With this, the basic Kafka Streams implementation for dynamically controlled stream looks like follows:

object KafkaTemperatureController {

 private val port = 8888 // Port for queryable state
 implicit val heaterControlSerde : Serde[HeaterControl] = new HeaterControlSerde

 def main(args: Array[String]): Unit = {

   val streamsConfiguration = new Properties
   // Give the Streams application a unique name.  The name must be unique in the Kafka cluster
   // against which the application is run.
   streamsConfiguration.put(StreamsConfig.APPLICATION_ID_CONFIG,
 							"dynamically-controlled-streams")
   streamsConfiguration.put(StreamsConfig.CLIENT_ID_CONFIG, kafkaConfig.heatersourcegroup)
   // Where to find Kafka broker(s).
   streamsConfiguration.put(StreamsConfig.BOOTSTRAP_SERVERS_CONFIG, kafkaConfig.brokers)
   // Provide the details of our embedded http service that we'll use to connect to this streams
   // instance and discover locations of stores.
   streamsConfiguration.put(StreamsConfig.APPLICATION_SERVER_CONFIG, "127.0.0.1:" + port)
   // Default serdes
   streamsConfiguration.put(StreamsConfig.DEFAULT_KEY_SERDE_CLASS_CONFIG, 
Serdes.ByteArray.getClass)
   streamsConfiguration.put(StreamsConfig.DEFAULT_VALUE_SERDE_CLASS_CONFIG,
 								Serdes.ByteArray.getClass)
   // Store definition
   val logConfig = new HashMap[String, String]
   val storeSupplier = Stores.inMemoryKeyValueStore("TemperatureController")
   val storeBuilder = Stores.keyValueStoreBuilder(storeSupplier, Serdes.Integer, 
new TemperatureControlSerde).withLoggingEnabled(logConfig)
   // Create Stream builder
   val builder = new StreamsBuilder
   // Data input streams
   val sensor  = builder.stream[Array[Byte], Array[Byte]](kafkaConfig.heateroutputtopic)
   val control  = builder.stream[Array[Byte], Array[Byte]](kafkaConfig.temperaturesettopic)

   // DataStore
   builder.addStateStore(storeBuilder)

   // Control stream processing
   control
     .mapValues(value => DataTransformer.controlFromByteArray(value))
     .filter((key, value) => value.isSuccess)
     .process(() => new TemperatureControlProcessor, "TemperatureController")

   // Sensor stream processing
   sensor
     .mapValues(value => DataTransformer.sensorFromByteArray(value))
     .filter((key, value) => value.isSuccess)
     .transform(new SensorDataTransformer, "TemperatureController")
     .mapValues(value => {
       value.sensorID match {
         case Some(result) =>
           println(s"sending new control ${value.command} for sensor $result")
           Some(HeaterControl(value.command, HeaterCommand.fromValue(value.command)))
         case _ =>
           None
       
     })
     .filter((key, value) => value.isDefined).mapValues(v => DataTransformer.toByteArray(v.get))
     .to(kafkaConfig.heaterinputtopic)

   // Create and build topology
   val topology = builder.build
   println(topology.describe)

   // Create streams
   val streams = new KafkaStreams(topology, streamsConfiguration)
   streams.setUncaughtExceptionHandler(new Thread.UncaughtExceptionHandler() {
     override def uncaughtException(t: Thread, e: Throwable): Unit = {
       System.out.println("Uncaught exception on thread " + t + " " + e.toString)
     
   })

   // Start streams
   streams.start()

   // Add shutdown hook to respond to SIGTERM and gracefully close Kafka Streams
   sys.addShutdownHook{
     try {
       streams.close()
     } catch {
       case NonFatal(e) => println(s"During streams.close(), received: $e")
     
   
 
}

This class has three main parts:

  • Configuration - population of streams configuration
  • Creation of kafka streams topology1. This is leveraging StreamsBuilder APIs.
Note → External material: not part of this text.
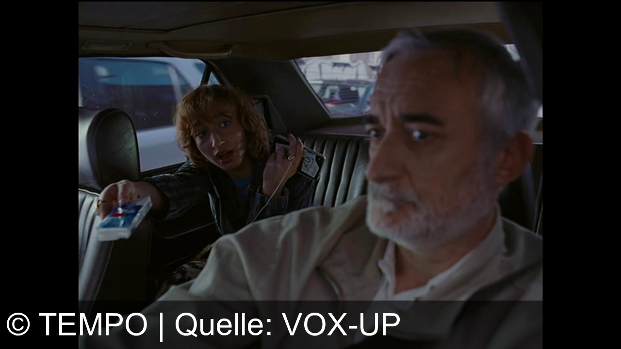 In einem Auto sitzt ein älterer Mann vorne, schaut zur Seite. Auf der Rückbank ist eine junge Person mit einem Walkman, die etwas nach vorne reicht. Draußen sind parkende Autos zu sehen.

Here we first define and add to the pipeline our data store (Table) and two input streams - sensor and control streams. Here we are leveraging Kafka streams DSL for Scala to build this topology. We also leverage here Kafka streams DSL to invoke processor's APIs (process and transform).
  • Execution of the topology

As mentioned above, we are using here two processors (compare to actors used for Akka streams implementation).

class TemperatureControlProcessor extends AbstractProcessor[Array[Byte], Try[TemperatureControl]] {

 private var controlStore: KeyValueStore[Integer, TemperatureControl] = null

 override def process (key: Array[Byte], temperatureControl: Try[TemperatureControl]): Unit = {
   val control = temperatureControl.get
   controlStore.put(control.sensorID, control)
 

 override def init(context: ProcessorContext): Unit = {
   controlStore = context.getStateStore("TemperatureController").asInstanceOf[KeyValueStore[Integer, TemperatureControl]]
   Objects.requireNonNull(controlStore, "State store can't be null")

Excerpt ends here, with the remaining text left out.